Chemistry Research Laboratory, University of Oxford, 12 Mansfield Road, Oxford OX1 3TA, U.K.
Takeda Pharmaceutical Company Limited, 26-1, Muraoka-Higashi 2-Chome, Fujisawa, Kanagawa 251-8555, Japan.
J Am Chem Soc. 2023 May 3;145(17):9708-9717. doi: 10.1021/jacs.3c01303. Epub 2023 Apr 20.

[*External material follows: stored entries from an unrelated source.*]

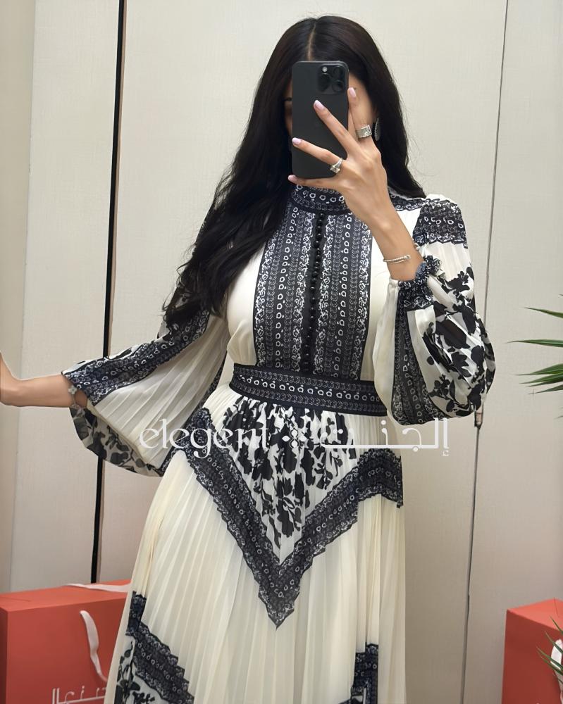 تألقي بإطلالة ملفتة مع هذا الفستان الأبيض الطويل المزين بنقشة سوداء فنية تضيف لمسة من الرقي والجاذبية. يتميز بتصميم محتشم بأكمام منفوخة وياقة مرتفعة، مع قصة واسعة مريحة وقماش شيفون مطوي يمنحك حركة انسيابية فاخرة. خيار مثالي للمناسبات النهارية أو الأمسيات الراقية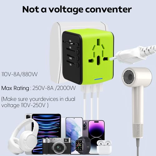 POWER RANGE – AC 100V-250V, MAX 8A 1920W output. 5V 3.4A 4 usb worldwide travel charger. 4 AC power plug sockets – Output: 800W at 100v, 1920W at 240v. High power travel adapter all in one offer you a safer and efficient charging for your devices. NOTE: IT DOES NOT CONVERT FROM 220V TO 110V OR VISE VERSA! And PLEASE DON’T USE IT TO CHARGE THE DEVICES WHICH POWER IS HIGHER THAN 2200W!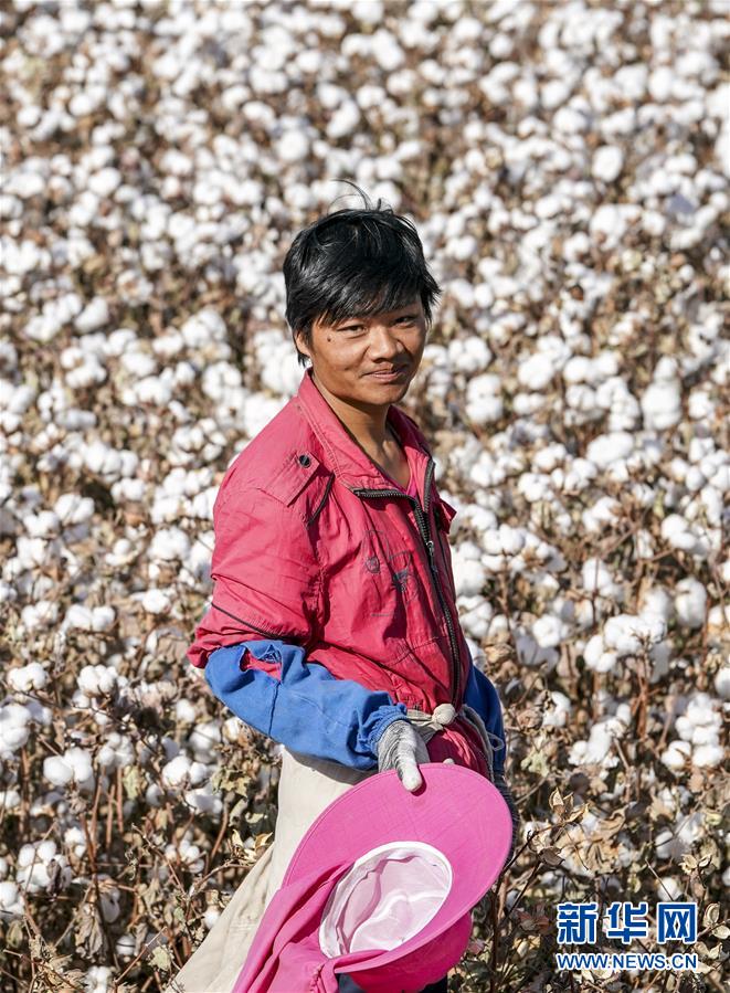 拾花工陈喜波在新疆巴楚县多来提巴格乡卡扎尼塔皮提村的棉田中(10月25日摄)。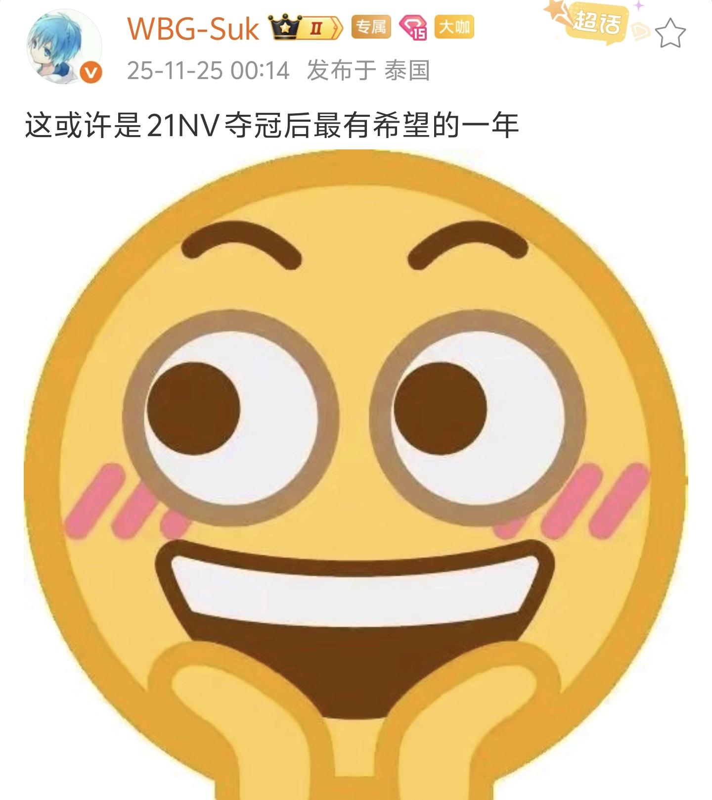 虎扑11月25日讯WBG-Suk精英赛首日赛后发文:这或许是21NV夺冠后最有希望的一年。
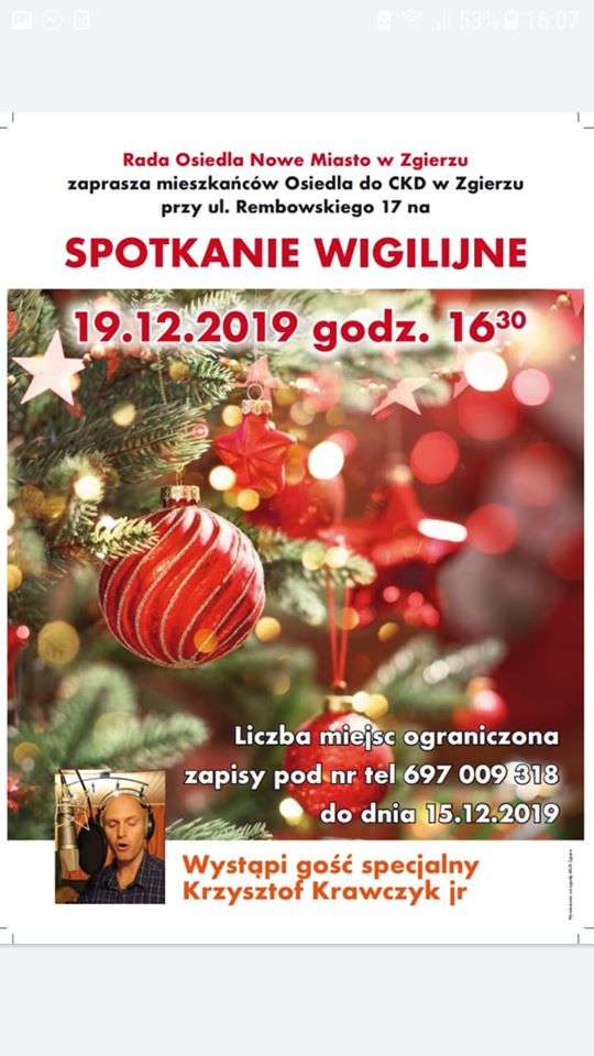 Serdecznie zapraszamy mieszkańców Osiedla Nowe Miasto w Zgierzu na Spotkanie Wigiljne.

The controlled programming of regiochemical outcomes in nucleophilic fluorination reactions with alkali metal fluoride is a problem yet to be solved. Herein, two synergistic approaches exploiting hydrogen bonding catalysis are presented. First, we demonstrate that modulating the charge density of fluoride with a hydrogen-bond donor urea catalyst directly influences the kinetic regioselectivity in the fluorination of dissymmetric aziridinium salts with aryl and ester substituents. Moreover, we report a urea-catalyzed formal dyotropic rearrangement, a thermodynamically controlled regiochemical editing process consisting of C-F bond scission followed by fluoride rebound. These findings offer a route to access enantioenriched fluoroamine regioisomers from a single chloroamine precursor, and more generally, new opportunities in regiodivergent asymmetric ()urea-based organocatalysis.
利用碱金属氟化物进行亲核氟化反应时,对区域化学产物的控制是一个尚未解决的问题。在此,我们提出了两种协同利用氢键催化的方法。首先,我们证明通过氢键供体脲催化剂调节氟化物的电荷密度可以直接影响带有芳基和酯基取代基的不对称氮丙啶盐氟化的动力学区域选择性。此外,我们还报道了脲催化的形式双角重排,这是一个热力学控制的区域化学编辑过程,包括 C-F 键断裂和随后的氟离子回弹。这些发现为从单个氯胺前体获得对映富集的氟胺区域异构体提供了一种途径,更广泛地说,为基于 ()脲的手性有机催化的区域发散不对称反应提供了新的机会。